Starman157 wrote:...I've noticed that GPU processing WU 13444 has higher performance for the first 27%, then drops about 200,000 PPD for the next 25%, rises again to starting values for the following 25%, then drops 200,000 PPD again to the end. At least that is on the 6900xt. So it appears non uniformity isn't just a small scale issue, but can appear to be long term and vary depending on where in the WU processing is. What I was trying to figure out was whether simultaneous CPU processing was causing it. It wasn't. I guess it's just a feature of that WU...
You're right that it's a feature of the WU, specifically, it's a feature of Moonshot Project (134XX Series). Some Projects when them have four phases of workload where the first and third have the same performance while the the second and fourth have the same performance. Here's the sequence:
Equilibrium in molecule A
Nonequilibrium switch from A to B
Equilibrium in B
Nonequilibrium switch from B to A

Thus, you may notice the difference in the TFP (reflected in PPD) on your system. This is specific to those GPU Projects. Of course, if there's CPU contention with the GPU and other applications, it can impact that difference.
ETA:
Now ↞ Very Soon ↔ Soon ↔ Soon-ish ↔ Not Soon ↠ End Of Time

Welcome To The F@H Support Forum Ӂ Troubleshooting Bad WUs Ӂ Troubleshooting Server Connectivity Issues
Starman157
Posts: 30
Joined: Tue Jul 14, 2020 12:55 pm
Hardware configuration: 3950x/5700XT, 2600x/5700XT, 2500/1070ti, 1090T/7950, 3570K/NA

Re: Ryzen 9 3950x Benchmark Machine: What should I test for

Post by Starman157 »

@PantherX
Yeah. I've been trying to "nail jelly to the tree". Specifically maximizing efficiency in light of a rather shaky underpinning of ever changing CPU and GPU demands. Thanks for explaining the idiosyncrasies of the 13xxx WUs. Since I noticed that there was a distinct pattern to the changes in GPU performance, I assumed it was how the WU was "programmed".

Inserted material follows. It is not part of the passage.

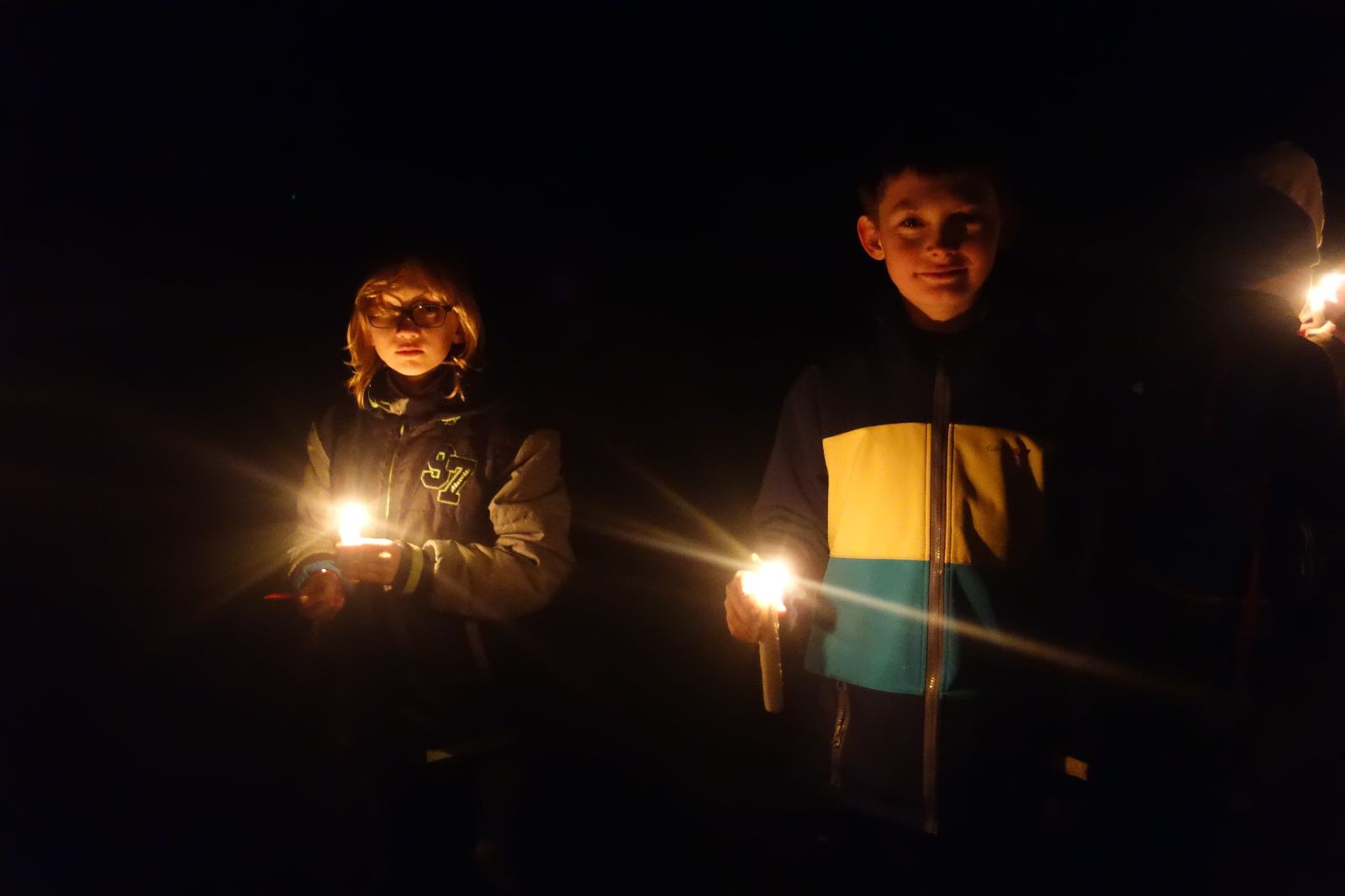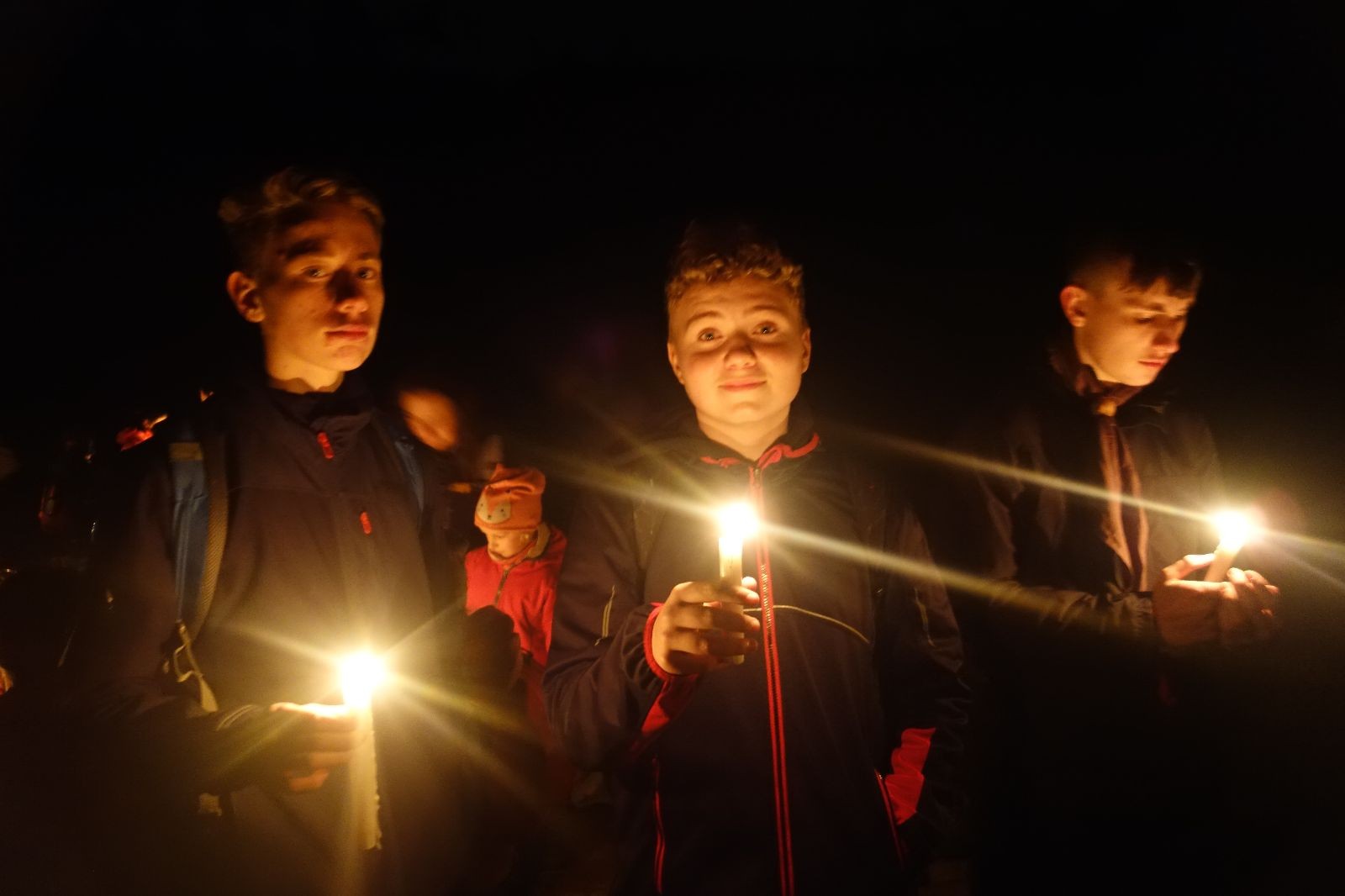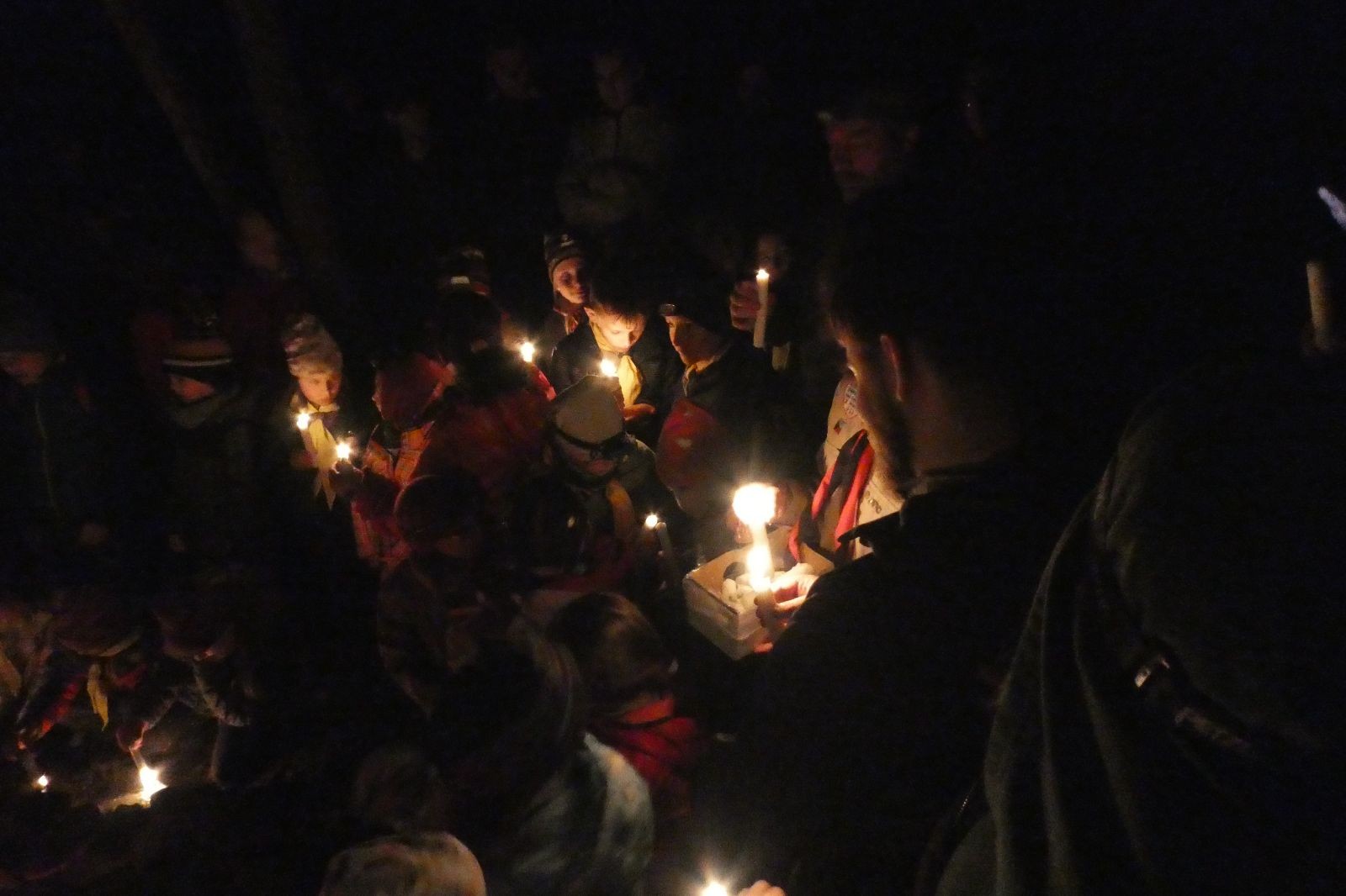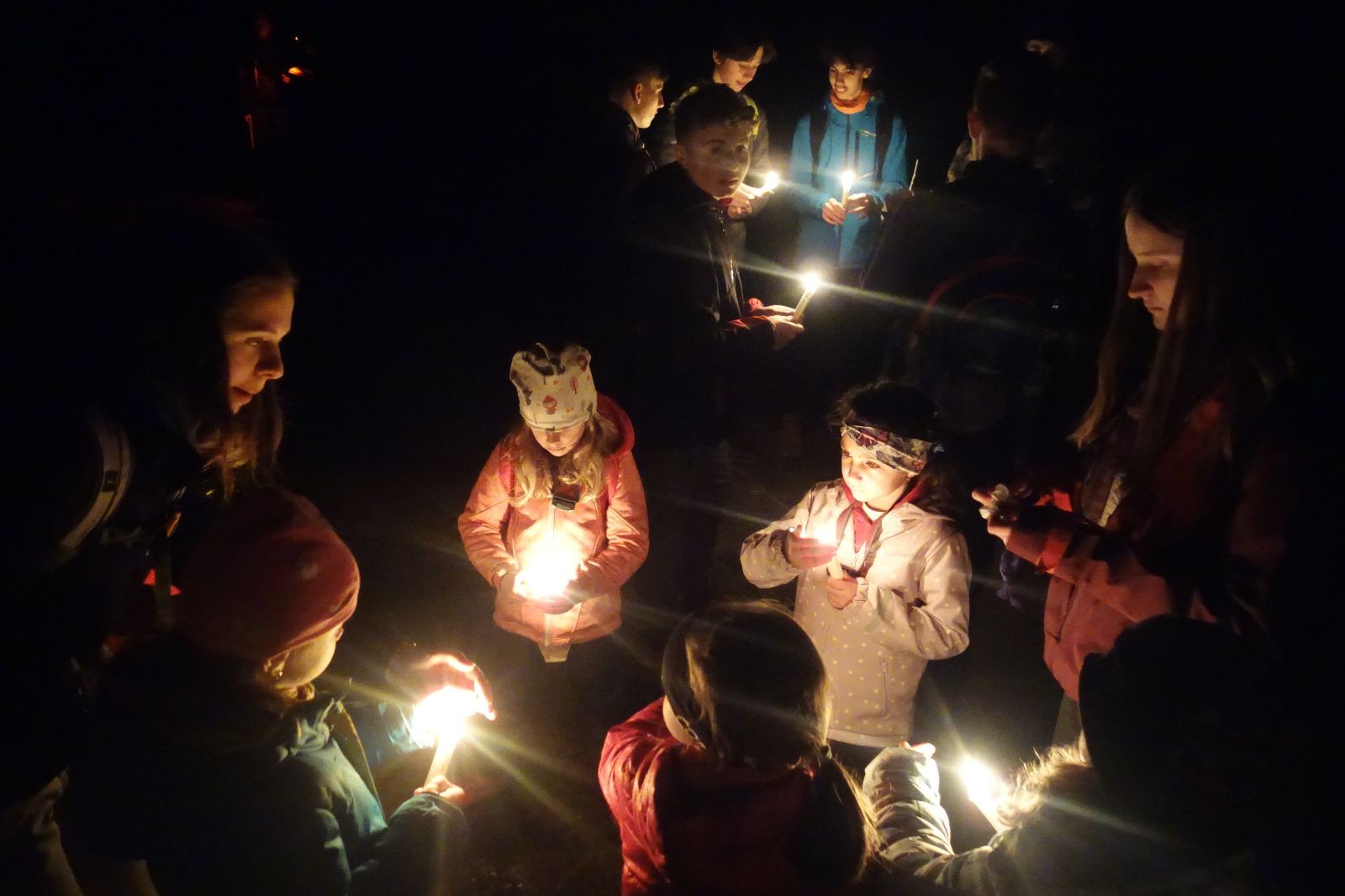 Scházíme se v sobotu ve 13:00 na Boudě. Renča a Betkou balí symboly pro slibaře, Filda bere oddílovou vlajku, Bert balí ovocné čočky, Ovečka lana, Terka s Kosťou svíčičky, Krysařík krepové fáborky… Všude se hemží mrňousci. Žraloci, Tučňáci a mladší se lokují dozadu, Kobři, Sovičky a starší dopředu. Ještě nezbytné společné foto před Trojkou a můžeme vyrazit. Poctivě zapisuju počty přítomných a i s dvojnásobným otcem Vítkem a Elektronkem je nás 94. Na první zastávce v Podolí svačíme a hraje se Hututu. A taky zalézá poprvé sluníčko, spouští se fujavice a prší. Naše řady doplňují Hihňa s Babů, je nás 96. U Vlajkované v Mariánským zase vychází sluníčko, přicházejí Hanz a Lost. 98 nás je. A Kobrák Ondra, takže 99. Bude letos stovka?

As for contention, that's what I've been trying to minimize since I was lucky enough to "score" a 6900xt. The previous card was a 5700xt, and the performance difference between the two is quite shocking. At first blush, it appears the 6900xt is about 3x-5x faster than the 5700xt. As such, I assumed feeding the beastly 6900xt would involve more pressure on CPU resources to keep it fed (ignoring the power requirements are at best only a minor increase from the 5700xt). Finding out these contention issues when one doesn't fully understand the background of WU processing is fraught with a lot of guess work. Anyway, it seems everything is running smoothly and I'm happy with the balance I've finally achieved.

Folding ON!
Starman157
Posts: 30
Joined: Tue Jul 14, 2020 12:55 pm
Hardware configuration: 3950x/5700XT, 2600x/5700XT, 2500/1070ti, 1090T/7950, 3570K/NA

Re: Ryzen 9 3950x Benchmark Machine: What should I test for

Post by Starman157 »

@MeeLee
I suspect that the Windows scheduling issues are more of a core quality issue than cache issues. I'm assuming of course that the Windows scheduler is completely ignorant of the programming of a particular thread and any possible parallelism that could be achieved by stuffing another thread onto an already consumed core. As far as the scheduler goes, I only sees that there is a process with something to do. Ok. Look around as to "who" can do it. This is where I think the scheduler gets it wrong. The quality scores (as reported by CTR "Clock Tuner for Ryzen") on my 3950x range from 193 down to 136. I suspect that Windows is taking these into account when loading up cores. As such, I'm "guessing" that it'd prefer to load up a second thread on a busy core than use one of the lower quality cores that isn't doing anything (or at least doing very little). All I'm doing is now forcing the issue by ensuring that 15 of my best cores are used, with the background Windows services et al being forced onto the last remaining core. I've run across a free program, Process Lasso, that allows me to prioritize the various processes since FAH doesn't have affinity control in the client specifically.

However, I am forcing the GPU threads onto the already busy CPU threads as a second thread since I suspect the workloads are quite different and shouldn't create a FP32 contention issue. Also, the GPU needs are fairly bursty at odd occasions (mainly at checkpoint times) so the overall impact of GPU interuptions should be minimal.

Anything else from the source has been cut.